Dr Hamid Merchant, University of Huddersfield

Lactoferrin - a great supplement

It is this antiviral property of lactoferrin that makes it a great supplement for use as an adjunct for COVID-19 and other respiratory infections, but Dr Merchant believes these are still preliminary findings and warrants further evidence from a large, well-designed randomised controlled trial. 

“Given the high clinical importance of respiratory tract infections amid the COVID-19 pandemic, we aimed to systematically examine the interventional Randomised Clinical Trials on the ef?cacy of bovine lactoferrin in preventing the occurrence of RTIs,” said Dr Syed Hasan, another of the University’s researchers involved in the study. 
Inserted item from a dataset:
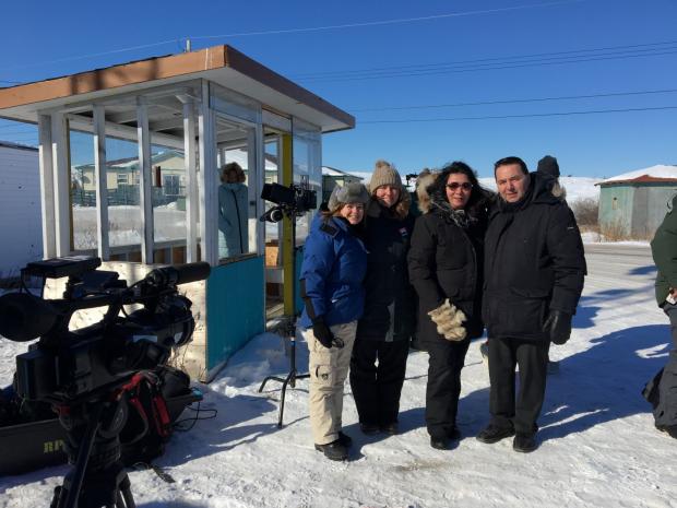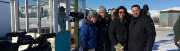 Red Snow Producer Michelle Morris, NWT Film Commissioner Camilla MacEachern, Red Snow Writer & Director Marie Clements, and Minister Wally Schumann smile on the set of Red Snow in Dettah.

“The administration of Lactoferrin showed promising ef?cacy in reducing the risk of RTIs and may also have a beneficial role in managing symptoms and recovery of patients suffering from RTIs,” he said. 

“Current evidence also favours lactoferrin forti?cation of infant formula - it won't be long until parents should be able to find lactoferrin fortified infant formulas readily available on the shelves,” Dr Merchant added.

Supplements dissolved slowly in the mouth tend to be superior

Lactoferrin is prepared by specialised dairy companies who make milk, infant formulas or milk-based products who isolate this biomolecule from the milk and various other companies then procure it to sell as a supplement.

However, Dr Merchant argues that lots of low cost lactoferrin supplements being sold online are not of desired quality because with it being a biomolecule that is classed as a nutritional supplement, the production of lactoferrin isn’t legally enforced to follow the same strict regulatory process as for medicines. 

The natural form of lactoferrin isolated from the milk by a specialised filtration process have superior biological properties than the most lactoferrin products that are chemically processed and treated. Moreover, supplements available in the form of orodispersible tablets (dissolved slowly in the mouth) are superior to commonly available lactoferrin products that are meant to be swallowed with water. The buccal tablets not only increase the mucosal concentration of Lactoferrin but also helps with its absorption and avoids its deterioration by the stomach acid. 

“This is a very promising molecule which can be adopted as an adjunct therapy for COVID-19 and could be part of a daily routine for people to take, along with vitamin C, D and Zinc supplements to keep our immune system healthy. Particularly now winter is almost upon us we need this extra protection a lot more now than during the summer,” concluded Dr Merchant. 

Members of the team who also helped with the study included international researchers Akbar Shoukat Ali from The Aga Khan University Karachi and Chia Siang Kow from The Monash University Malaysia.